A ford Anglia, maroon in colour,red leather seats, h reg that's all I can remember about it, besides it cost £145


----------



## Hilly10 (Feb 4, 2004)

Dark Blue Austin 1100 1971. I bought it when I passed my test in 1976


----------



## paul4281 (Jan 25, 2010)

Black Vauxhall Chevette with a 1600cc Ford Crossflow engine, HSR body kit, lowered & billy shocks.

Sent from paul4281's iPhone using Tapatalk


----------



## A3DFU (May 7, 2002)

I learnt on, and owned as my 1st car, a VW Beetle. It had a whole 34 bhp and did 60mph top speed ,,,,,,,,,,,
,
,
,
,
,
,
,
,
,
,
,
,
,
,
,
,
,
,
,
,
,
,
,
,
,
,
,
,
,
,
,
,
downhill :roll:


----------



## SteviedTT (Apr 10, 2009)

,
,
,
,
,
,
,
,
,
,
,
,
,
with the doors open and the wind behind you :lol:


----------



## j8keith (Jun 26, 2009)

I too learnt to drive in an A40 Farina and had one as my first car, front wings were biodegradable so were the sills :lol:


----------



## A3DFU (May 7, 2002)

SteviedTT said:


> ,
> ,
> ,
> ,
> ...


Actually, with the doors closed and both my parents on board :roll:


----------



## Danny1 (Sep 2, 2010)

My first was a Citroen AX GTI, great little pocket rocket, that was 13 years ago but even then my insurance was more than the cars value haha


----------



## t'mill (Jul 31, 2012)

A red A reg Nova 1.3SR, which was old even back then! Surprisingly nippy though.


----------



## YELLOW_TT (Feb 25, 2004)

t'mill said:


> A red A reg Nova 1.3SR, which was old even back then! Surprisingly nippy though.


The Nove SRi and GTE were great little cars until the Chaves destroy them all


----------



## t'mill (Jul 31, 2012)

Agreed. Have you seen how much a tidy Nova goes for these days?


----------



## Kell (May 28, 2002)

Got mine in 1990. An 11 year old Vauxhall Cavalier with a mighty 1.3 litre engine. Slow as you like and really heavy on the juice. You had to rev the nuts off it just to get it moving.

It was amazing however, how many old boys used to to say "I used to have one of those".

Probably had more people talk to me about that car than any other.

Called it Davinia (after a girl I met skiing) and because the number plate was DVN 512V. Proper plates too. Plastic raised letters on metal plates.

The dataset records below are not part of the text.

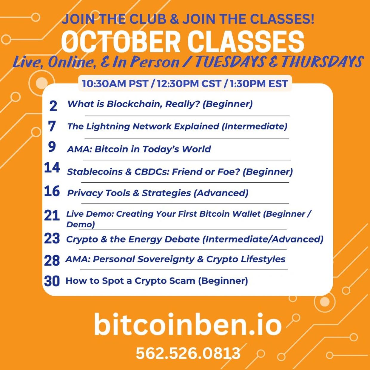 We have several qualified consultants for one-on-one help with understanding Bitcoin, cryptos, and the blockchain. Club members will have access to these consultants for a special club hourly rate. In the future, accredited classes will be offered on a limited basis for anyone who wants to become a paid club consultant.
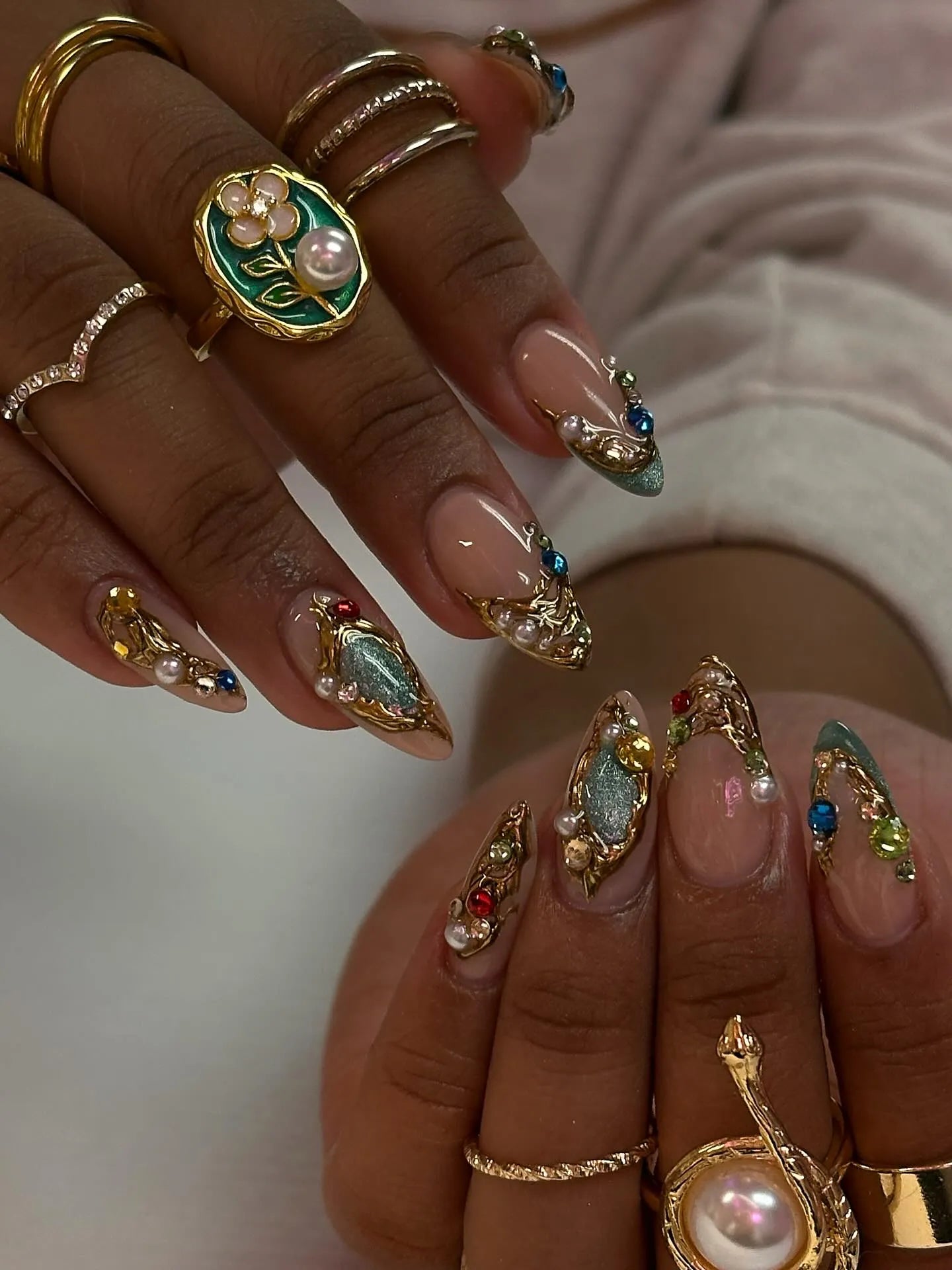 Adorn your fingernails with these jaw-dropping handmade press-on nails! These reusable nails feature dramatic customizable designs with intricate gold sculpting, vibrant jewels, and elegant pearls. They are ideal for costume parties, glamorous nights out, or any event or daily wear. Available in many shapes like Coffin or Almond, and lengths such as Long. This truly unique set offers a lavish, regal look. Own this breathtaking jewelry-inspired set!
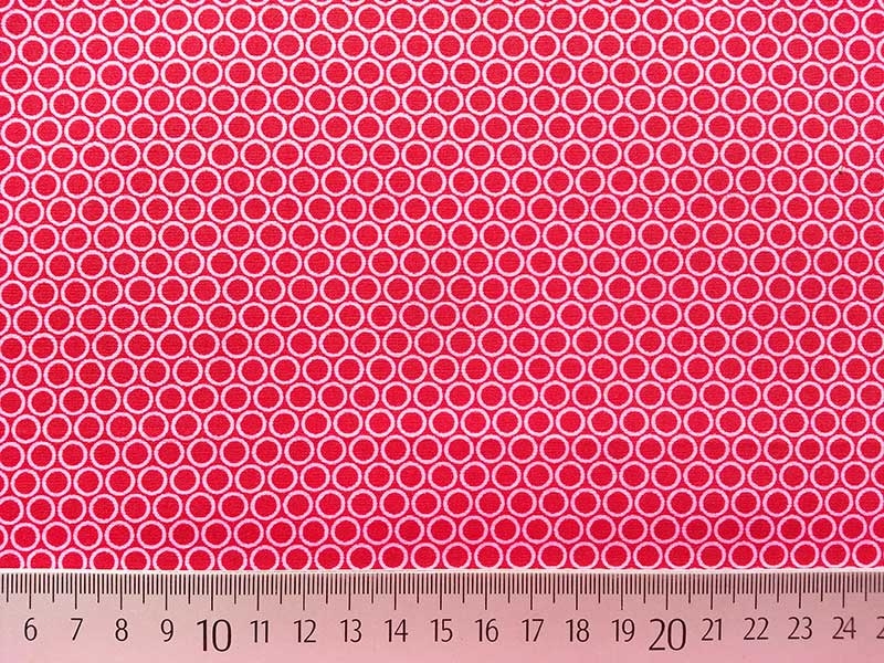 Ein kirschroter Baumwollstoff mit 0,6 cm großen rosa Kringeln/ Punkten.

Oh, and it was a 'proper' 70's colour - burgundy.


----------



## Rocketr (Jul 1, 2012)

In 96 I had my first ride, a humble little Citroen AX 10E in blue, with:
dropped suspension (chopped front springs, wound down rears) 
custom exhaust tip (3" aluminium pipe)
black bumpers (sprayed with a can, didn't last) 
15" team dynamics alloys
and a bass tube with an aftermarket stereo.

By the time it sold there were a few *** burns in the seats and carpet, but I'm glad to say I've learnt a lot about the appreciation of owning & loving a car and not abusing it!


----------



## pr1nc3ss (Feb 27, 2012)

Bought a Renault 5 1.7 GTX in black (very rare!) when I was 15. Moved away for a bit and in between I had a call from the police saying it'd been stolen. Call my parents to tow it back, they get there and it had been re-stolen again! Haven't seen it since. Ex bf got me a Mk1 1.1 black onto when I passed my test so I guess that's officially my first car...I put a pink jap can on the back, baaaaarrrp! Ha! Got a 1.2 16v burnt orange punto cab after and still have it, 5 years on.


----------



## Basscube (Jan 2, 2012)

pr1nc3ss said:


> Ex bf got me a Mk1 1.1 black onto when I passed my test .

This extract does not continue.